New findings on TB could change how we treat inflammatory disorders

(Press-News.org) Tuberculosis is a confounding scourge. It’s the leading cause of death from infectious disease in the world, and yet it’s estimated that those deaths represent perhaps 5% of infections with Mycobacterium tuberculosis (Mtb). Antibiotics can take credit for saving the lives of some of those with Mtb, but a chasm nevertheless persists between the prevalence of infection and the targeted severity of its impact. A growing body of evidence suggests genetic vulnerabilities to TB account for that gap.

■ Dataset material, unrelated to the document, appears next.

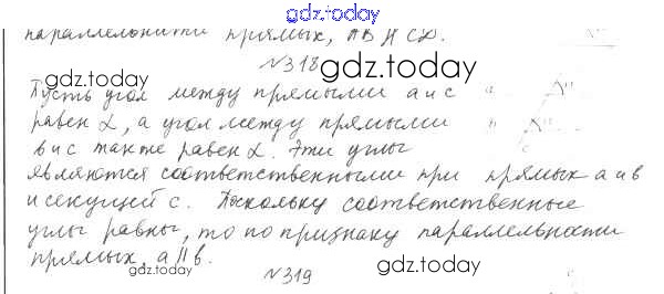 Ответы к §14. Признаки параллельности двух прямых Решение к главе 3. Параллельные прямые. Сумма углов треугольника 318 Учебнику по Геометрии для 7 класса Мерзляк, Полонский Вентана-граф Алгоритм успеха 2017

Now researchers from The Rockefeller University have found another rare mutation that leaves its carriers much more likely to become ill with TB—but, curiously, not with other infectious diseases. This finding, recently published in Nature, may upend long held assumptions about the immune system.

It’s long been known that an acquired deficiency of a pro-inflammatory cytokine called TNF is linked to an increased risk of developing TB. The current study, led by Rockefeller’s Stéphanie Boisson-Dupuis and Jean-Laurent Casanova, revealed a genetic cause of TNF deficiency, as well as the underlying mechanism: a lack of TNF incapacitates a specific immune process in the lungs, leading to severe—but surprisingly targeted—illness.

The findings suggest that TNF, long considered a key galvanizer of the immune response, might actually play a much narrower role—a discovery with far-reaching clinical implications.

“The past 40 years of scientific literature have attributed a wide variety of pro-inflammatory functions to TNF,” says Casanova, head of the St. Giles Laboratory of Human Genetics of Infectious Diseases. “But beyond protecting the lungs against TB, it may have a limited role in inflammation and immunity.”

Rare risk

Casanova’s lab has been studying the genetic causes of TB for more than two decades through field work in several countries and a wide network of collaborating physicians across the world. They maintain an ever-growing database of whole-exome sequences from a global pool of patients—more than 25,000 people to date. Of those, some 2,000 have had TB.

Over the years they’ve identified several rare genetic mutations that render some people vulnerable to TB. For example, mutations in a gene called CYBB can disable an immune mechanism called the respiratory burst, which produces chemicals called reactive oxygen species (ROS). Despite its pulmonary-sounding name, the respiratory burst takes place in immune cells throughout the body.

ROS help pathogen-consuming white blood cells called phagocytes (from the Greek for “eating”) to destroy the invaders they’ve devoured. If ROS aren’t produced, those pathogens can thrive unchecked, leading to debilitating complications. As a result, carriers of this CYBB mutation become vulnerable to not just TB but to a wide variety of infectious diseases.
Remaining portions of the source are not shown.